Metabolomics Data analysis
Bioinformatics and biostatistical analyses included two-sample t-test followed by false discovery rate (FDR) correction, principal component analysis (PCA) and orthogonal signal correction-partial least squares discriminant analysis (OPLS-DA) with principal component loading statistics (PCLS). A two-sample t-test followed by multiple hypothesis test correction using the Benjamini and Hochberg false discovery rate (FDR) method was used to determine metabolites that differed between the groups . We use raw p values in a Manhattan plot (-log10 p vs metabolic feature) to visualize the calculated significance for individual metabolites according to the progression of parkinsonism and identify the FDR at q=0.2 with a horizontal line.

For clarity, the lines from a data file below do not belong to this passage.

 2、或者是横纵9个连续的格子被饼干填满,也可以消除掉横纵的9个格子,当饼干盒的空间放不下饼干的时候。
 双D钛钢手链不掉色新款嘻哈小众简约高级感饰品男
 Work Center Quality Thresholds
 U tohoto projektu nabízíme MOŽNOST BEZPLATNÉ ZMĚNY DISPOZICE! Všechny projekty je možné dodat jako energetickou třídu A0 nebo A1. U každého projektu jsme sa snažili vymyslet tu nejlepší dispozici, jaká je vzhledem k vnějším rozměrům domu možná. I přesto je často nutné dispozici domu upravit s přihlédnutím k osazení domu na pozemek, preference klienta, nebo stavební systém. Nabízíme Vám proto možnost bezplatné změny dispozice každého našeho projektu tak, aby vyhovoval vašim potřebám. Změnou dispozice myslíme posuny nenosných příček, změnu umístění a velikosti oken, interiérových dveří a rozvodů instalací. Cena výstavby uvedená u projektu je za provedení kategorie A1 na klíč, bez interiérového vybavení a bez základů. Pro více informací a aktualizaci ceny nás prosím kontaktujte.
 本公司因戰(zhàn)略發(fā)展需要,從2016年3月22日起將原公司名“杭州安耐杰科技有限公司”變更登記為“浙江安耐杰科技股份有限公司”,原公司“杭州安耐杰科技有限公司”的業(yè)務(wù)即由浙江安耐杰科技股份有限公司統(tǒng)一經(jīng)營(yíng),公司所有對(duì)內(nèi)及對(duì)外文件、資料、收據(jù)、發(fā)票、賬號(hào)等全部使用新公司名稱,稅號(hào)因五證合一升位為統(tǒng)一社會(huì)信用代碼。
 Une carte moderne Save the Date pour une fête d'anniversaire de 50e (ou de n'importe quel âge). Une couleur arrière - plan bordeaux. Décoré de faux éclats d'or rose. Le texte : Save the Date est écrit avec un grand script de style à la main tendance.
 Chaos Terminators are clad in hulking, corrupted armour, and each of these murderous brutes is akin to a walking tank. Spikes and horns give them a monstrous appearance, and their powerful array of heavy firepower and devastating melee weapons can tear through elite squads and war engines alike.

OPLS-DA is a multivariate supervised analysis to display and identify differences between groups. The analysis produces a score plot showing the separation of the groups based on the content of the loading discriminatory metabolites. After autoscaling the data, an orthogonal signal correction removes variation not correlated to classification. PCLS was performed in conjunction with OPLS-DA to identify metabolites that contribute in a groupwise manner to discriminate samples. PCLS uses statistical principles to select the top 5% of metabolites accounting for 95% group identity.

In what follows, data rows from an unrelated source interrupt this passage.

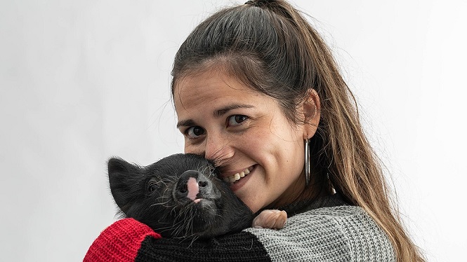 Julieta Demarco, que vive en el barrio porteño de Saavedra y es asistente en una empresa de informática, tiene dos cerdas de la raza mini pig llamadas Pochi y Cuba, que protagonizan las historias de la cuenta de Instagram @lapochivegana con la finalidad, además, de “concientizar” sobre la importancia de proteger a los animales.
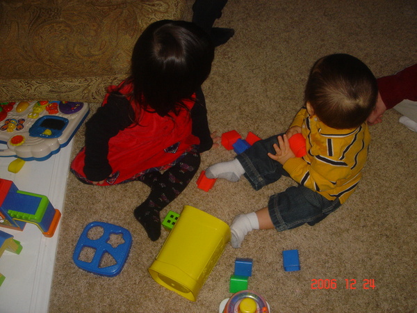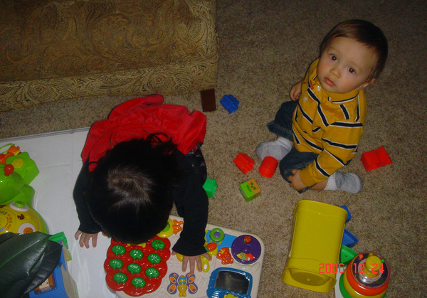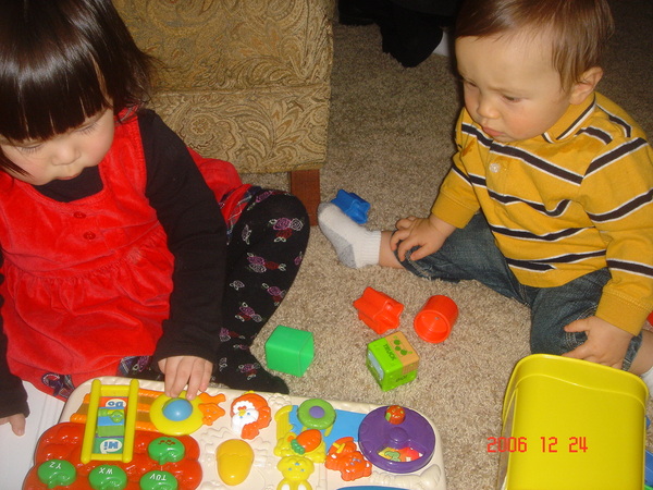 聖誕夜我們去堂妹Esther家吃大餐﹐可愛的Zachary已經九個月大﹐可以和小小排排坐著玩了。
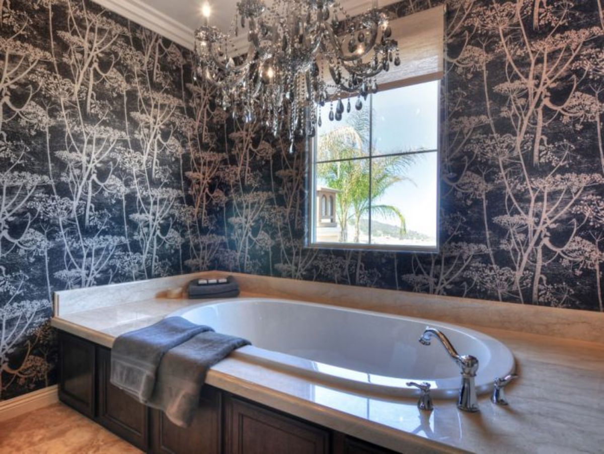 Обои – показатель оригинальности и эксклюзивностиСчитают, что обои не самый практичный материал для создания интерьера в ванной комнате. Но это ошибочное мнение. Сам по себе исходник недорогой и клеится легко, то это дает возможность для экспериментов и новых способов декора стен. Иногда результат получается ошеломительным.
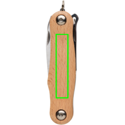 Kompaktne ja tugev taskunuga 9 funktsiooniga. Pöögipuidust korpuse ja kvaliteetsete roostevabast terasest tööriistadega. Tööriistade hulka kuuluvad: nuga, sakiline lõikur, käärid, viil, saag, õmblustööriist, konksu eemaldaja, ristkruvikeeraja, lamekruvikeeraja. Pakitud kinkekarpi.
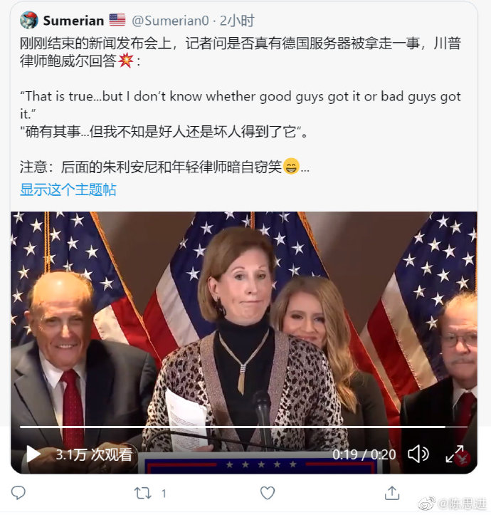 发布会上还有一个花絮,有记者问鲍威尔大律师关于德国服务器的事情是否属实,鲍威尔回答说:“确有其事,但我不知道是好人还是坏人得到了它。”站在后面的朱利安尼和年轻女律师闻言笑的好开心。
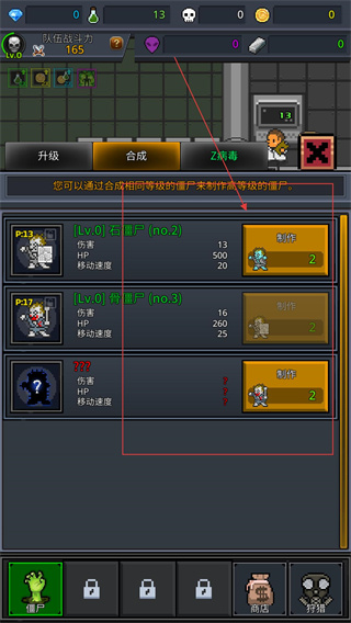 2、玩家需要持续通过下方的“制作”功能生成基础僵尸,填充场地的同时积累合成素材,为高阶僵尸的合成提供基础单位。
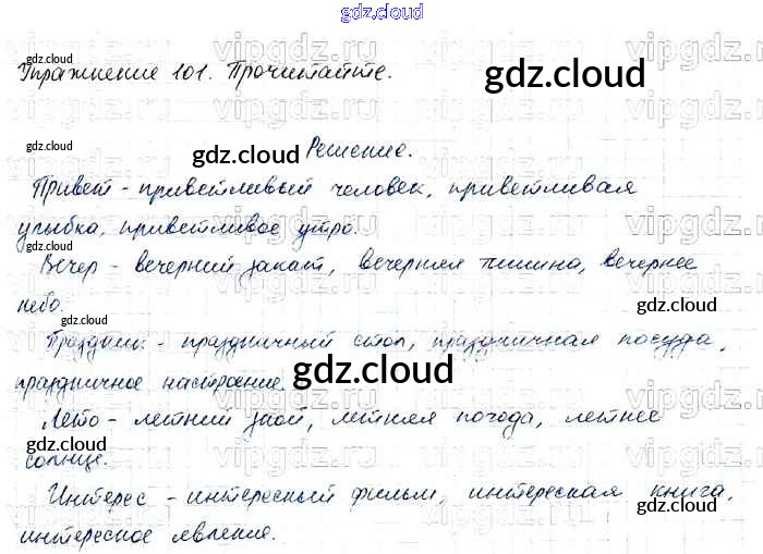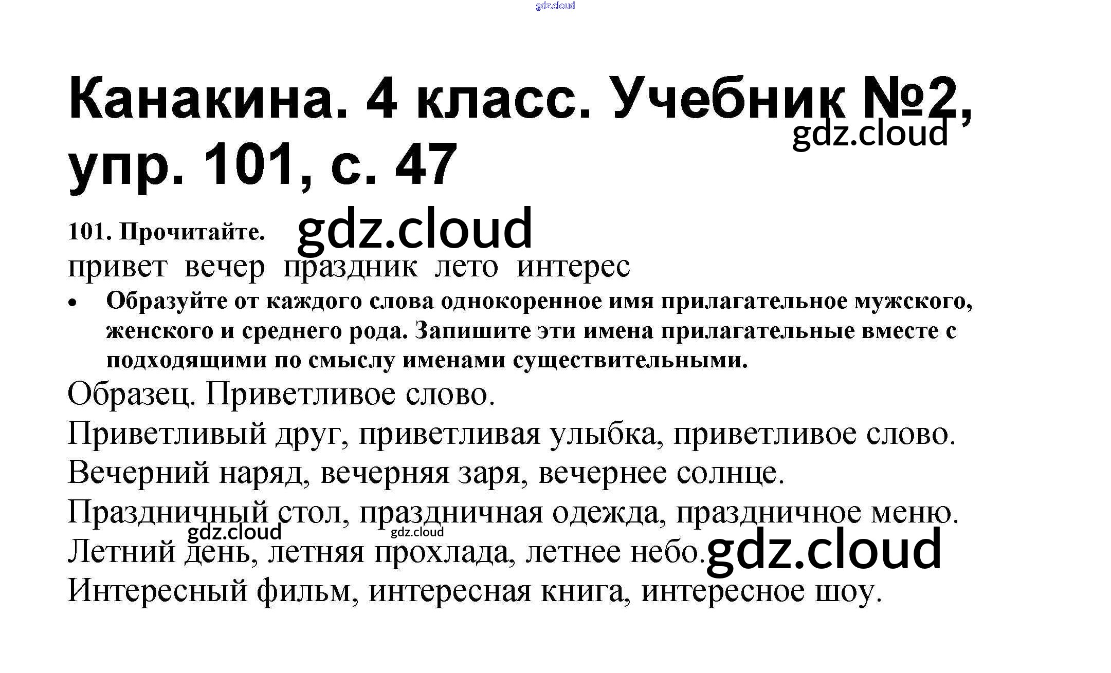 Ответ на задание 101 Учебник Русский язык за 4 (четвертый) класс Канакина, Горецкий Школа России 2015 Часть 1, 2

Topological comparison of the metabolic networks in slow PD and rapid PD conditions was performed using the Weighted Gene co-expression Network Analysis (WGCNA) package in R [19–21]. WGCNA uses hierarchical clustering coupled with topological overlap dissimilarity measures to detect biologically meaningful modules . In network analysis, a module is defined as a subset of nodes that form a sub-network within a network, and these modules are likely to correspond to biological processes and pathways. Spectral data from the slow PD condition samples was used as reference for defining the metabolic modules. These modules were then mapped to the rapid PD samples. The first principal component of each module, eigengene, is used to summarize the ion intensity/expression pattern of the metabolites in that module. The modulePreservation function implemented in the WGCNA R package was used to assess the preservation of modules between slow PD and rapid PD.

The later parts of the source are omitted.